> [SOURCE DATA]
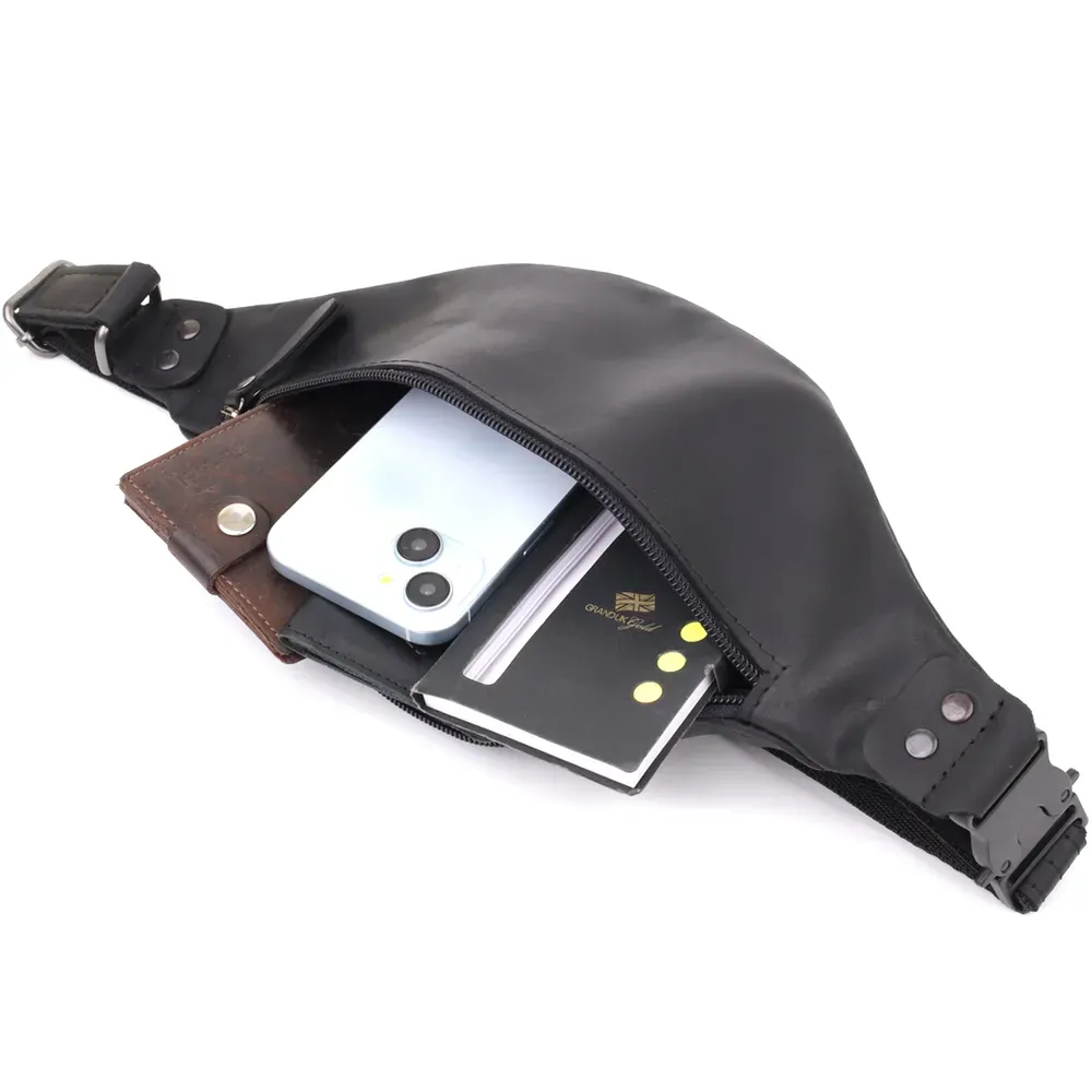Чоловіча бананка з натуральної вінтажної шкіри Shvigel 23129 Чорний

==

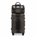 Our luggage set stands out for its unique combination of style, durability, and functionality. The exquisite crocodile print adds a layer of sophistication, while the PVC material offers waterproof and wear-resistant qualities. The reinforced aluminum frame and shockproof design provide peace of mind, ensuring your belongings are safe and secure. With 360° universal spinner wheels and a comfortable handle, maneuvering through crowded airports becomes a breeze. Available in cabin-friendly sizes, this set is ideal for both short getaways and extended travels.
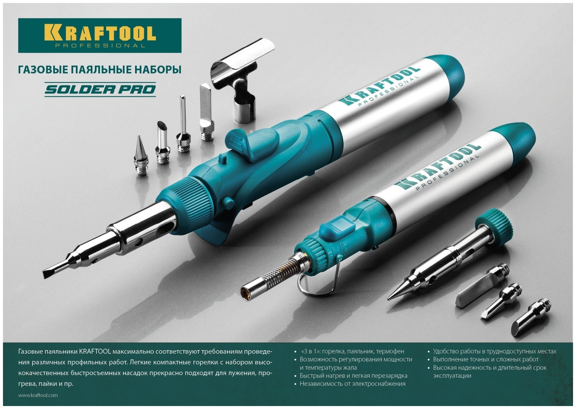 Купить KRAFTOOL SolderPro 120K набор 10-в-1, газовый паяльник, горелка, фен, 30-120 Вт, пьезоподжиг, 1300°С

...

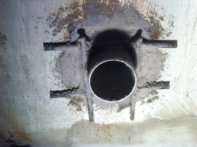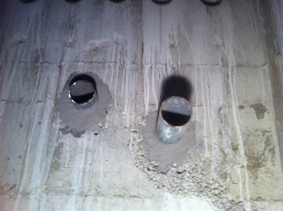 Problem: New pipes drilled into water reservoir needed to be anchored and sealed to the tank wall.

> [WHAT IS EXPECTED]
Both boundary lines included, write out word for word only the lines above from the one containing "Our luggage set" to the one containing "Купить KRAFTOOL SolderPro", leaving out any pictures.

> [EXERCISE RESULT]
 Our luggage set stands out for its unique combination of style, durability, and functionality. The exquisite crocodile print adds a layer of sophistication, while the PVC material offers waterproof and wear-resistant qualities. The reinforced aluminum frame and shockproof design provide peace of mind, ensuring your belongings are safe and secure. With 360° universal spinner wheels and a comfortable handle, maneuvering through crowded airports becomes a breeze. Available in cabin-friendly sizes, this set is ideal for both short getaways and extended travels.
 Купить KRAFTOOL SolderPro 120K набор 10-в-1, газовый паяльник, горелка, фен, 30-120 Вт, пьезоподжиг, 1300°С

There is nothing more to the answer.